Pinocchios Abenteuer könnte man im Lichte dieser Empfehlung sehen. Er macht jeden Fehler, der sich ihm bietet, und ist außerstande aus seinen Fehlern zu lernen. Die moralische Verurteilung hilft nicht weiter. Die Fehler sind nicht als moralische Verfehlungen zu werten, auch wenn die pädagogische Lesart dies suggeriert. Er zieht aus seinen Fehlern keinen eigenen Vorteil. Er hat nicht das geringste Talent, an seinen eigenen Vorteil zu denken. Und wenn er jedem Schlamassel immer wieder gerade so entrinnt und dem Tod wieder von der Schippe springt, dann nicht, weil er einen gesunden Selbsterhaltungsinstinkt bewiese, auch nicht, weil man ein Einsehen oder Mitleid mit ihm hätte, sondern es handelt sich eher um einen Aufschub, weil die Liste seiner möglichen Fehler und Desaster noch nicht vollständig ist.
Er ist das diametrale Gegenteil von den aufgeweckten Jungs bei Mark Twain, die sich so leicht kein X für ein U vormachen lassen. Was sie auszeichnet, ist die Fähigkeit zum "debunking", der Mut für ein respektloses Durchschauen und die Furchtlosigkeit, den Kaiser in seinen neuen Kleidern zu erkennen und bloßzustellen. Wer diese Fähigkeit nicht besitzt, der gilt als begriffsstutzig.
Über Thomas von Aquin ist eine Anekdote überliefert, derzufolge er in der Klosterschule gehänselt wurde. Ein Mitschüler rief: Draußen ist gerade ein Esel vorbeigeflogen. Thomas lief ans Fenster. Brüllendes Gelächter: Wie kann man so blöd sein. Thomas sagt: Ich hätte eher geglaubt, daß Esel fliegen, als daß ein Mönch lügt.

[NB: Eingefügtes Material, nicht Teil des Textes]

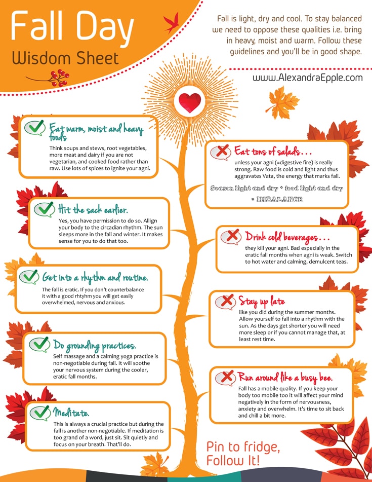 I have created a Fall Wisdom Sheet for you that summarizes the do’s and dont’s for fall. Print it, put in on your fridge and put it into action.

Pinocchio hält Fuchs und Katze für seine Freunde, so daß er nicht anders kann, als ihnen zu glauben, als sie ihm sein Geld abluchsen, um es angeblich einzugraben, damit dort bald ein Geldbaum wachse und die eingesetzten Taler reichlich Früchte tragen.
Auf der Suche nach einem Hinweis auf die Herkunft des Worts debunker bietet google diese Word History: One can readily see that debunk is constructed from the prefix de-, meaning "to remove," and the word bunk. But what is the origin of the word bunk, denoting the nonsense that is to be removed? Bunk came from a place where much bunk has originated, the United States Congress. During the 16th Congress (1819-1821) Felix Walker, a representative from western North Carolina whose district included Buncombe County, carried on with a dull speech in the face of protests by his colleagues. Walker later explained he had felt obligated "to make a speech for Buncombe." Such a masterful symbol for empty talk could not be ignored by the speakers of the language, and Buncombe, spelled Bunkum in its first recorded appearance in 1828 and later shortened to bunk, became synonymous with claptrap. The response to all this bunk seems to have been delayed, for debunk is not recorded until 1923.